Statistik pada olahraga rekreasi dan olahraga anaerobik menunjukan pola menstruasi yang tidak berbeda dengan wanita pesantai. Adalah salah bila menyimpulkan bahwa semua kegiatan atletik menyebabkan meningkatnya gangguan menstruasi atau bahwa semua atlet wanita yang sangat terlatih mempunyai perubahan menstruasi (Carbon dalam Saadiah , 2014).

Penelitian lain menunjukan adanya faktor-faktor yang umum dijumpai pada atlet yang mengalami perubahan menstruasi dalam hubungan dengan kegiatan fisiknya.

1)      Umur

Beberapa penelitian mengemukakan bahwa atlet yang lebih muda, dibawah 25 tahun, lebih besar kemungkinannya mendapat amenorrhoea.

2)      Ketidak-teraturan menstruasi sebelumnya

Sebagian besar penelitian menunjukan bahwa atlet dengan oligo/ame-norrhoea lebih banyak yang mengalami ketidak-teraturan menstruasi sebelum menjalani latihan reguler, tetapi ini tidak merupakan penemuan yang konsisten.

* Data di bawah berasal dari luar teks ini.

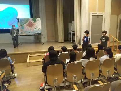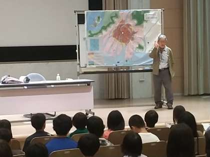 先生は知らない、子ども達も当然知らない。そんな内容を実際に被爆された語り部さんにお話をしていただきました。資料ではなく、人が語る言葉から伝わるものを子ども達は真剣に受け取っていました。質問にこたえながら、しっかりとメモをとりました。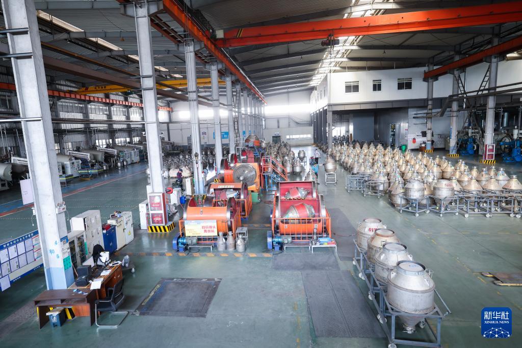 4月9日,在位于慈溪的國家專精特新“小巨人”企業(yè)寧波金輪磁材技術有限公司數(shù)字化車間內(nèi),工人在生產(chǎn)線上生產(chǎn)永磁材料。

Bullen et al. (1985) mencatat awal terjadinya ketidak-teraturan menstruasi dalam hubungan dengan latihan, yang dijumpai hampir pada seluruh subjek yang ditelitinya, tanpa kaitan dengan riwayat menstruasi sebelumnya.

3)      Nulliparitas (belum pernah melahirkan)

Terdapat tanda-tanda yang menunjukan bahwa atlet yang ibu-ibu jarang mendapat amenorrhoea dari pada mereka yang belum pernah hamil. Tiga faktor tersebut diatas menunjukkan bahwa perubahan menstruasi lebih jarang terjadi bila sudah ada kematangan poros reproduksi (poros: hipotalamus-hipofisis-ovarium), yaitu bila siklus ovulasi telah mapan.

4)      Penurunan berat badan

Perubahan menstruasi pada atlet telah dikaitkan dengan berat badan yang rendah, penurunan berat badan berlebihan akibat latihan, presentase lemak tubuh yang menurun dan tata-gizi yang tidak adekuat. Tetapi beberapa penelitian menunjukkan adanya kesamaan dalam hal tinggi badan, berat badan dan penurunan berat badan antara pelari-pelari yang amenorrhoea dengan pelari-pelari dengan siklus yang normal.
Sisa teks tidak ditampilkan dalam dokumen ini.